Apart from the pictures, every line below needs to be reproduced verbatim.

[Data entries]
BEGIN

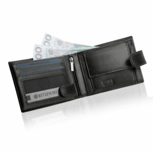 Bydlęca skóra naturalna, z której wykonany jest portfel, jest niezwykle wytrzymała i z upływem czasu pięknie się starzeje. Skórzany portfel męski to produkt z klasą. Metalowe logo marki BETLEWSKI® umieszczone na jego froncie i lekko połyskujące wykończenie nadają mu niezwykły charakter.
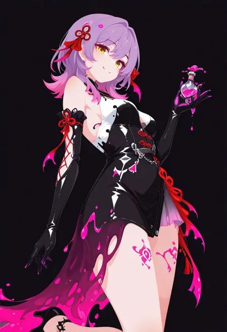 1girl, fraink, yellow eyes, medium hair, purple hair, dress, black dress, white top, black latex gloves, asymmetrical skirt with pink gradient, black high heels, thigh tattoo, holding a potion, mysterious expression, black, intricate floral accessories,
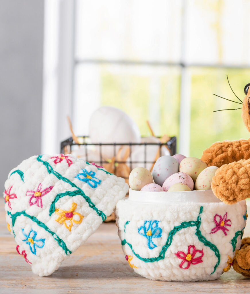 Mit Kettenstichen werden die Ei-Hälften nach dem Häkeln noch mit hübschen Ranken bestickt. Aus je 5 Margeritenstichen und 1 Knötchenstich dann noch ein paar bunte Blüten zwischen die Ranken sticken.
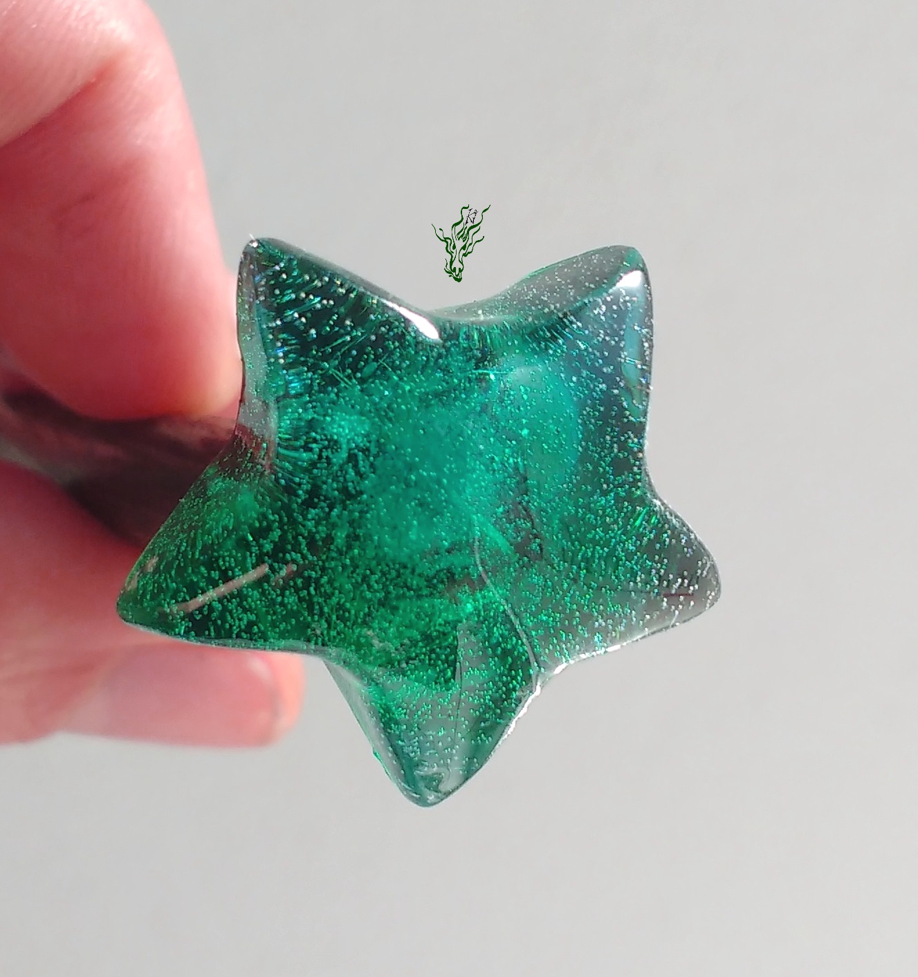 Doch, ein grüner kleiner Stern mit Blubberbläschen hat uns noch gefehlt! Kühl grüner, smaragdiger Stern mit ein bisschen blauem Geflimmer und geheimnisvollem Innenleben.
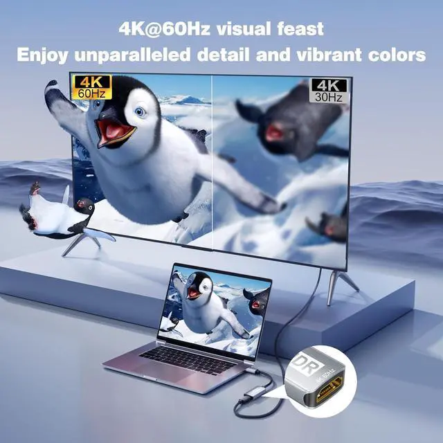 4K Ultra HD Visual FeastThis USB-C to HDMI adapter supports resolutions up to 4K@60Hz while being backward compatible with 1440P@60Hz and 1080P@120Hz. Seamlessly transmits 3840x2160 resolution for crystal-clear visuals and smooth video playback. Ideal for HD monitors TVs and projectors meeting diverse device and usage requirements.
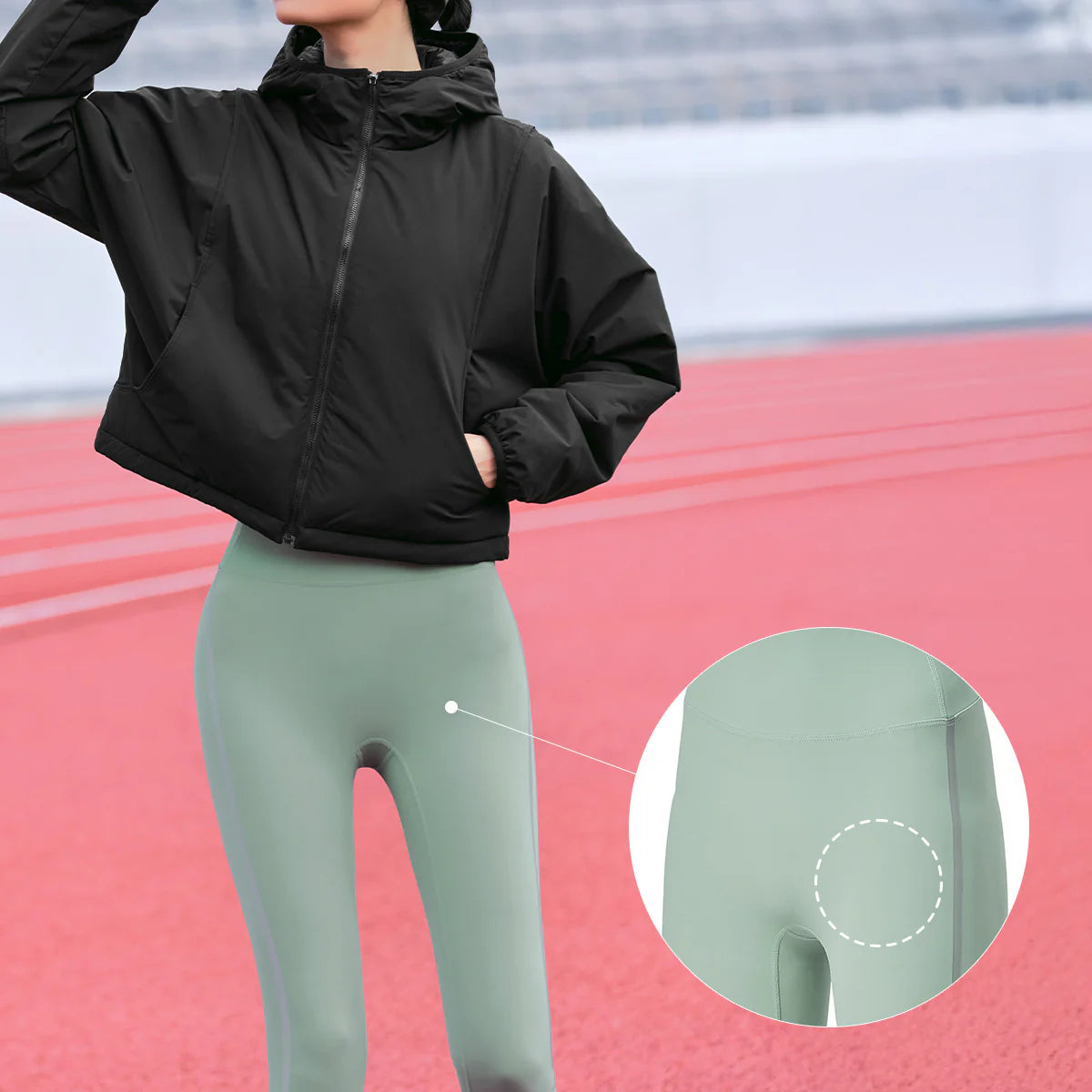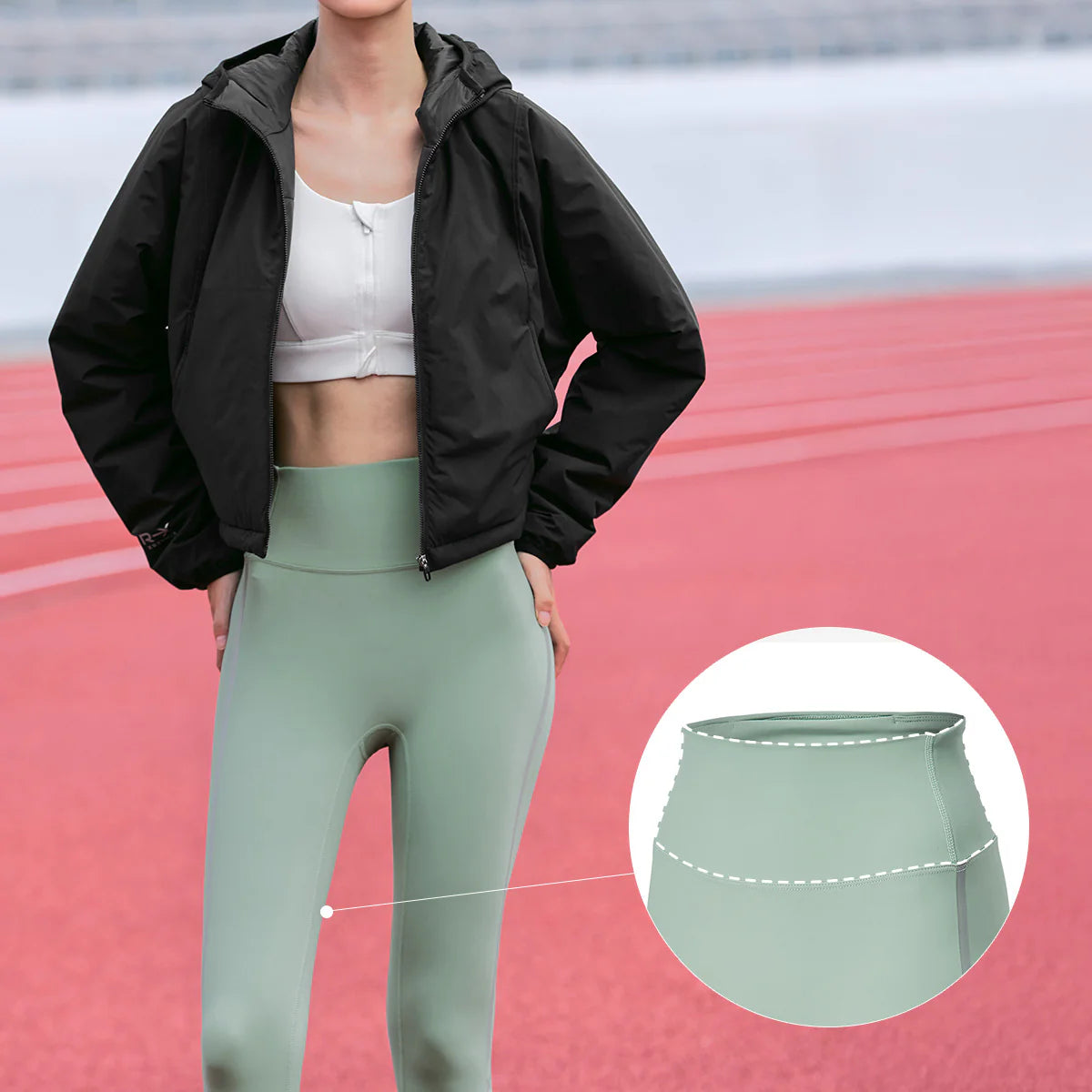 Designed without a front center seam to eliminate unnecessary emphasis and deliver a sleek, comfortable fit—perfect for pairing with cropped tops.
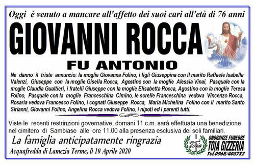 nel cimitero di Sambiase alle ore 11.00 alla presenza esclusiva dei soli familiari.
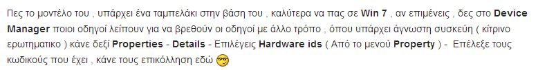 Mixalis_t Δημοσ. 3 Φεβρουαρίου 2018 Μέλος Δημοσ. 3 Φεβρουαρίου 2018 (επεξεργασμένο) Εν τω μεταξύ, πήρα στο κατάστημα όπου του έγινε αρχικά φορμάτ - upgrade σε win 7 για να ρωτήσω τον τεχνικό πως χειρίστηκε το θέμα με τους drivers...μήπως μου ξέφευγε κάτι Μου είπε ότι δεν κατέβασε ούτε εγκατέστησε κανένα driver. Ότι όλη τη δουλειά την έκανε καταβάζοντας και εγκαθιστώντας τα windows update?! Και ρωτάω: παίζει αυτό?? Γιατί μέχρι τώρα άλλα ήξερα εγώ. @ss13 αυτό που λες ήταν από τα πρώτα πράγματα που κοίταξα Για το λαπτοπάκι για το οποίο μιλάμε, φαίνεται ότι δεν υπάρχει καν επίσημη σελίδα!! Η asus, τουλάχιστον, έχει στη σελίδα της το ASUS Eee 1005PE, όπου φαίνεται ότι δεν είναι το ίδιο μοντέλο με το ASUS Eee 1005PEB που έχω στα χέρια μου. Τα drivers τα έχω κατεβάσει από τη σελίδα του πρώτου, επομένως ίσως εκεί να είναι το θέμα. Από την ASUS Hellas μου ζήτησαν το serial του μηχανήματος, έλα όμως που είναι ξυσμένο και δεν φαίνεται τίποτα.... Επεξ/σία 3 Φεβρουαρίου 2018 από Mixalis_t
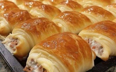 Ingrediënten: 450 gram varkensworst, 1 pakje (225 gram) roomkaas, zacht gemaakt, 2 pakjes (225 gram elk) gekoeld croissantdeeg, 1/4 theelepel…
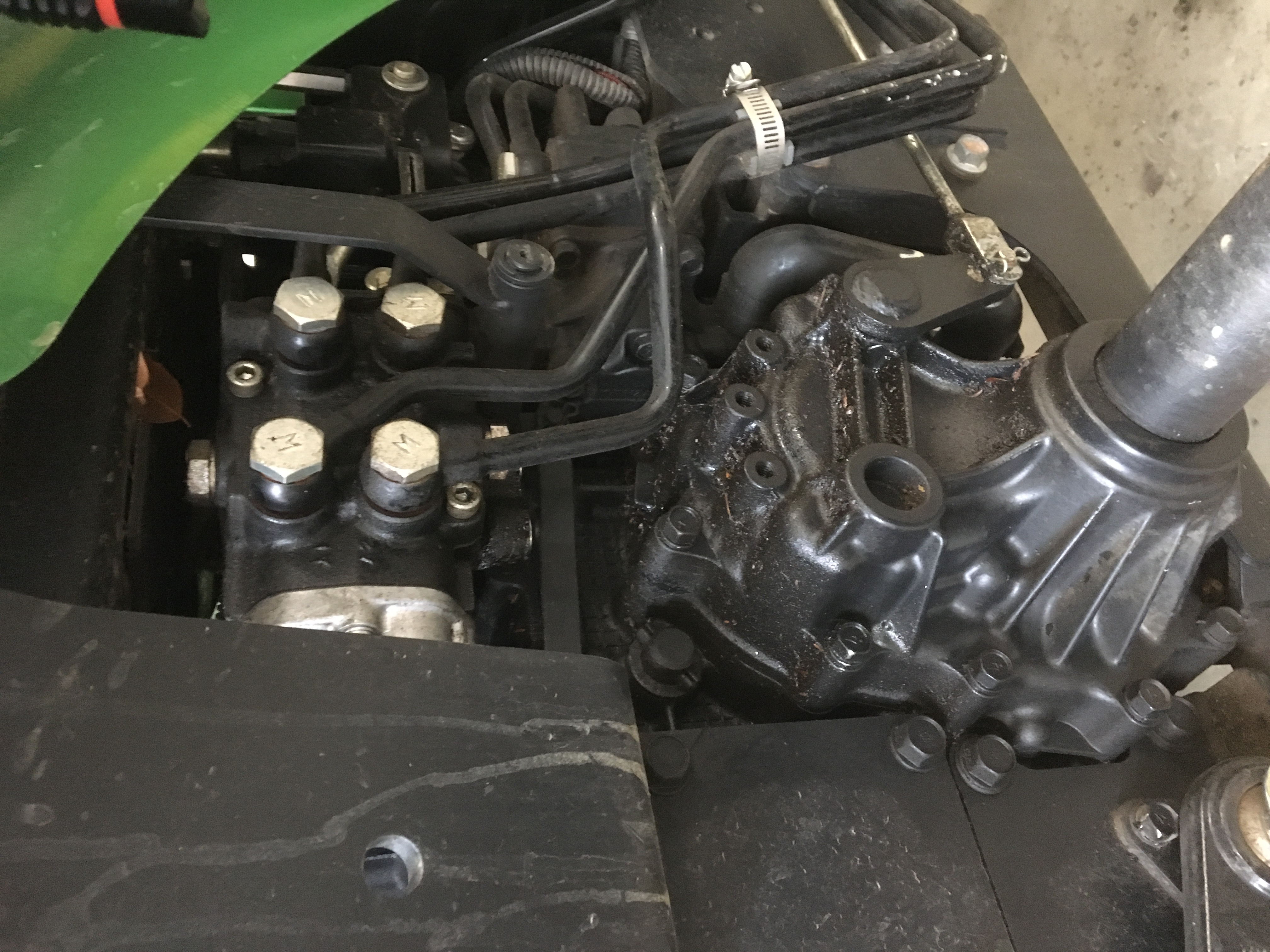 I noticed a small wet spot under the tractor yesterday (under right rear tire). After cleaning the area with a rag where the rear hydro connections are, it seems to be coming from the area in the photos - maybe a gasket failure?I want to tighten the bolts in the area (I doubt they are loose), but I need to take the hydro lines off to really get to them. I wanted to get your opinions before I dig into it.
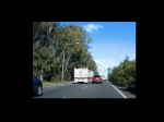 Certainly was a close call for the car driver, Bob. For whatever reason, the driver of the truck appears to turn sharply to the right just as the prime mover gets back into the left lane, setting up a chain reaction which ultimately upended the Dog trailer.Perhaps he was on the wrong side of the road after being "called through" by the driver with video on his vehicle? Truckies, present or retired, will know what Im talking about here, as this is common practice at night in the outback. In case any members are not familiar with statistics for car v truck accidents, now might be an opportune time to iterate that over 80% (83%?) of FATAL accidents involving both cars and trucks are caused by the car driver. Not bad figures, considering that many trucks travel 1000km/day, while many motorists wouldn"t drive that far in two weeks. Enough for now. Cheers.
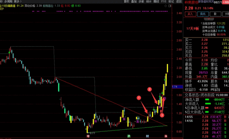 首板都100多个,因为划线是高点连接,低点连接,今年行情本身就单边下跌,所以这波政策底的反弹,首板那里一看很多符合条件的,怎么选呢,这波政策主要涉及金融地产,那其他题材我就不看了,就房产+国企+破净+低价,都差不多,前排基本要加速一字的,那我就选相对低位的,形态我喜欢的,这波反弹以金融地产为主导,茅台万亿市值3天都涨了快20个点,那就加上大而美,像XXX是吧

END

● Answer for this exercise:
 Bydlęca skóra naturalna, z której wykonany jest portfel, jest niezwykle wytrzymała i z upływem czasu pięknie się starzeje. Skórzany portfel męski to produkt z klasą. Metalowe logo marki BETLEWSKI® umieszczone na jego froncie i lekko połyskujące wykończenie nadają mu niezwykły charakter.
 1girl, fraink, yellow eyes, medium hair, purple hair, dress, black dress, white top, black latex gloves, asymmetrical skirt with pink gradient, black high heels, thigh tattoo, holding a potion, mysterious expression, black, intricate floral accessories,
 Mit Kettenstichen werden die Ei-Hälften nach dem Häkeln noch mit hübschen Ranken bestickt. Aus je 5 Margeritenstichen und 1 Knötchenstich dann noch ein paar bunte Blüten zwischen die Ranken sticken.
 Doch, ein grüner kleiner Stern mit Blubberbläschen hat uns noch gefehlt! Kühl grüner, smaragdiger Stern mit ein bisschen blauem Geflimmer und geheimnisvollem Innenleben.
 4K Ultra HD Visual FeastThis USB-C to HDMI adapter supports resolutions up to 4K@60Hz while being backward compatible with 1440P@60Hz and 1080P@120Hz. Seamlessly transmits 3840x2160 resolution for crystal-clear visuals and smooth video playback. Ideal for HD monitors TVs and projectors meeting diverse device and usage requirements.
 Designed without a front center seam to eliminate unnecessary emphasis and deliver a sleek, comfortable fit—perfect for pairing with cropped tops.
 nel cimitero di Sambiase alle ore 11.00 alla presenza esclusiva dei soli familiari.
 Mixalis_t Δημοσ. 3 Φεβρουαρίου 2018 Μέλος Δημοσ. 3 Φεβρουαρίου 2018 (επεξεργασμένο) Εν τω μεταξύ, πήρα στο κατάστημα όπου του έγινε αρχικά φορμάτ - upgrade σε win 7 για να ρωτήσω τον τεχνικό πως χειρίστηκε το θέμα με τους drivers...μήπως μου ξέφευγε κάτι Μου είπε ότι δεν κατέβασε ούτε εγκατέστησε κανένα driver. Ότι όλη τη δουλειά την έκανε καταβάζοντας και εγκαθιστώντας τα windows update?! Και ρωτάω: παίζει αυτό?? Γιατί μέχρι τώρα άλλα ήξερα εγώ. @ss13 αυτό που λες ήταν από τα πρώτα πράγματα που κοίταξα Για το λαπτοπάκι για το οποίο μιλάμε, φαίνεται ότι δεν υπάρχει καν επίσημη σελίδα!! Η asus, τουλάχιστον, έχει στη σελίδα της το ASUS Eee 1005PE, όπου φαίνεται ότι δεν είναι το ίδιο μοντέλο με το ASUS Eee 1005PEB που έχω στα χέρια μου. Τα drivers τα έχω κατεβάσει από τη σελίδα του πρώτου, επομένως ίσως εκεί να είναι το θέμα. Από την ASUS Hellas μου ζήτησαν το serial του μηχανήματος, έλα όμως που είναι ξυσμένο και δεν φαίνεται τίποτα.... Επεξ/σία 3 Φεβρουαρίου 2018 από Mixalis_t
 Ingrediënten: 450 gram varkensworst, 1 pakje (225 gram) roomkaas, zacht gemaakt, 2 pakjes (225 gram elk) gekoeld croissantdeeg, 1/4 theelepel…
 I noticed a small wet spot under the tractor yesterday (under right rear tire). After cleaning the area with a rag where the rear hydro connections are, it seems to be coming from the area in the photos - maybe a gasket failure?I want to tighten the bolts in the area (I doubt they are loose), but I need to take the hydro lines off to really get to them. I wanted to get your opinions before I dig into it.
 Certainly was a close call for the car driver, Bob. For whatever reason, the driver of the truck appears to turn sharply to the right just as the prime mover gets back into the left lane, setting up a chain reaction which ultimately upended the Dog trailer.Perhaps he was on the wrong side of the road after being "called through" by the driver with video on his vehicle? Truckies, present or retired, will know what Im talking about here, as this is common practice at night in the outback. In case any members are not familiar with statistics for car v truck accidents, now might be an opportune time to iterate that over 80% (83%?) of FATAL accidents involving both cars and trucks are caused by the car driver. Not bad figures, considering that many trucks travel 1000km/day, while many motorists wouldn"t drive that far in two weeks. Enough for now. Cheers.
 首板都100多个,因为划线是高点连接,低点连接,今年行情本身就单边下跌,所以这波政策底的反弹,首板那里一看很多符合条件的,怎么选呢,这波政策主要涉及金融地产,那其他题材我就不看了,就房产+国企+破净+低价,都差不多,前排基本要加速一字的,那我就选相对低位的,形态我喜欢的,这波反弹以金融地产为主导,茅台万亿市值3天都涨了快20个点,那就加上大而美,像XXX是吧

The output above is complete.